● **Work instruction**
Could every line below be transcribed exactly, with the pictures dropped?

### Record excerpts ###

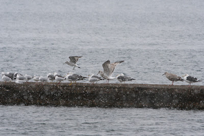 It's the coldest day with the heaviest snow fall I've ever seen in Beppu. The Spa Beach has completely gone white and I had so much fun taking photos of the Black-headed Gulls which I'll be uploading later. There were quite many big gulls around the beach also and I was a bit surprised to see that many of them were actually Slaty-backed. Most of the birds were adult with only 1 first year juvenile. This winter seems to be different; I didn't see any last season.
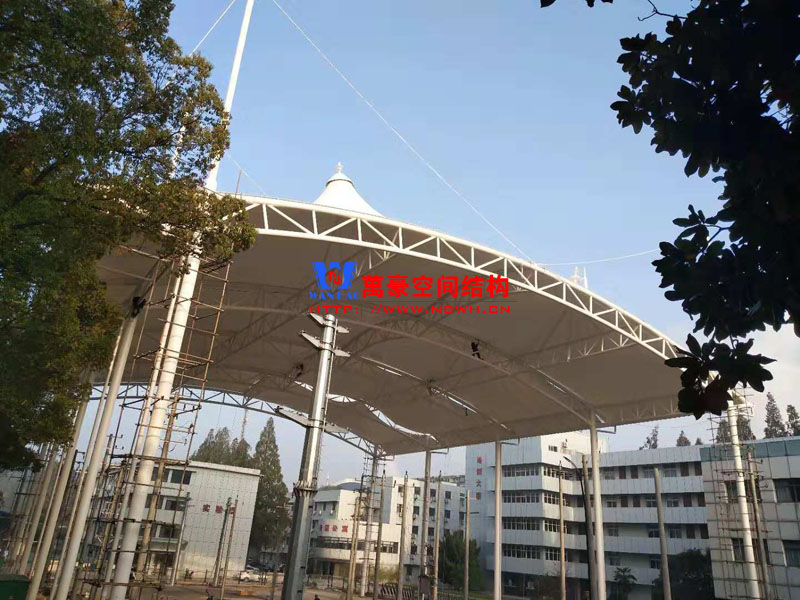 安慶培訓(xùn)基地大棚膜結(jié)構(gòu)工程位于安徽省安慶市電力培訓(xùn)基地內(nèi),該工程用鋼量150噸,膜結(jié)構(gòu)展開(kāi)面積3000平米。
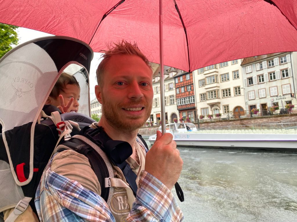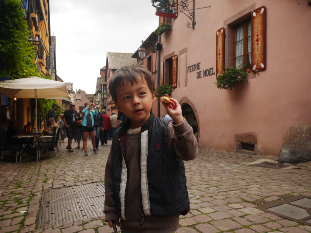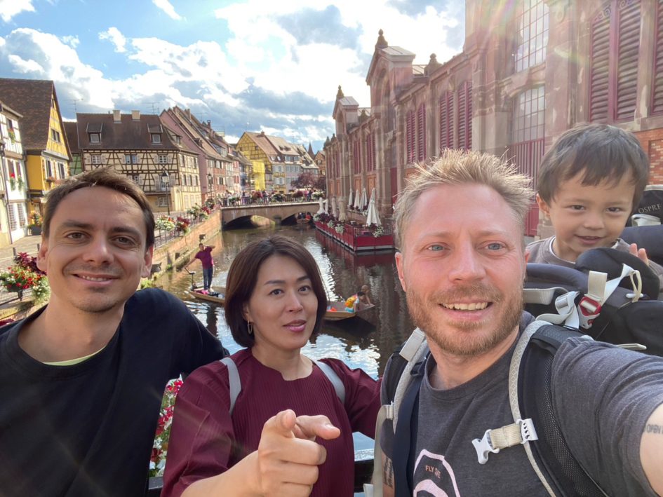 A good friend of mine, Jean, who left Taiwan more than a year ago lives near Strasbourg in north east France, so although the main goal of the trip was to go back to Sweden, we figured it would be a good chance to visit him before heading north. Another friend, Alex and his family drove up from Switzerland while Yini’s friend Naomi and her boyfriend came down from Belgium and we all gathered in Jeans house. It was really great to see all our friends again and we had a lot of fun sitting and chatting at the dinner table. Unfortunately the weather was not on our side so we spent three days sightseeing in the cold and rain (a few glimpses of sun here and there). Tantan wasn’t particularly keen on walking around in the rain looking at old buildings, so I had to carry him for much of the time but that was sort of expected and it worked out pretty well in the end.
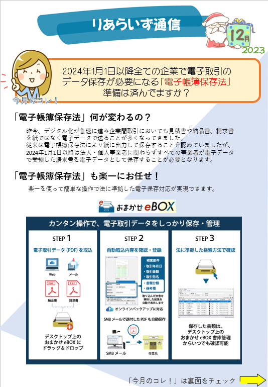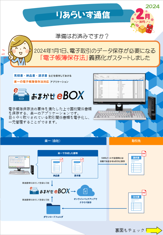 全ての企業で電子取引のデータ保存が必要とされる「電子帳簿保存法」の説明と楽一で簡単にデータを保存できる「おまかせeBOX」をご紹介します
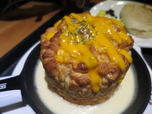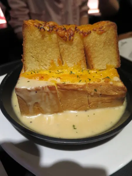 裡面還是軟棉的白吐司 上面淋的是起士 底下則有奶油混合起士的湯汁 但起士味沒有上一款的吐司來的濃厚

###

● **Final answer**
 It's the coldest day with the heaviest snow fall I've ever seen in Beppu. The Spa Beach has completely gone white and I had so much fun taking photos of the Black-headed Gulls which I'll be uploading later. There were quite many big gulls around the beach also and I was a bit surprised to see that many of them were actually Slaty-backed. Most of the birds were adult with only 1 first year juvenile. This winter seems to be different; I didn't see any last season.
 安慶培訓(xùn)基地大棚膜結(jié)構(gòu)工程位于安徽省安慶市電力培訓(xùn)基地內(nèi),該工程用鋼量150噸,膜結(jié)構(gòu)展開(kāi)面積3000平米。
 A good friend of mine, Jean, who left Taiwan more than a year ago lives near Strasbourg in north east France, so although the main goal of the trip was to go back to Sweden, we figured it would be a good chance to visit him before heading north. Another friend, Alex and his family drove up from Switzerland while Yini’s friend Naomi and her boyfriend came down from Belgium and we all gathered in Jeans house. It was really great to see all our friends again and we had a lot of fun sitting and chatting at the dinner table. Unfortunately the weather was not on our side so we spent three days sightseeing in the cold and rain (a few glimpses of sun here and there). Tantan wasn’t particularly keen on walking around in the rain looking at old buildings, so I had to carry him for much of the time but that was sort of expected and it worked out pretty well in the end.
 全ての企業で電子取引のデータ保存が必要とされる「電子帳簿保存法」の説明と楽一で簡単にデータを保存できる「おまかせeBOX」をご紹介します
 裡面還是軟棉的白吐司 上面淋的是起士 底下則有奶油混合起士的湯汁 但起士味沒有上一款的吐司來的濃厚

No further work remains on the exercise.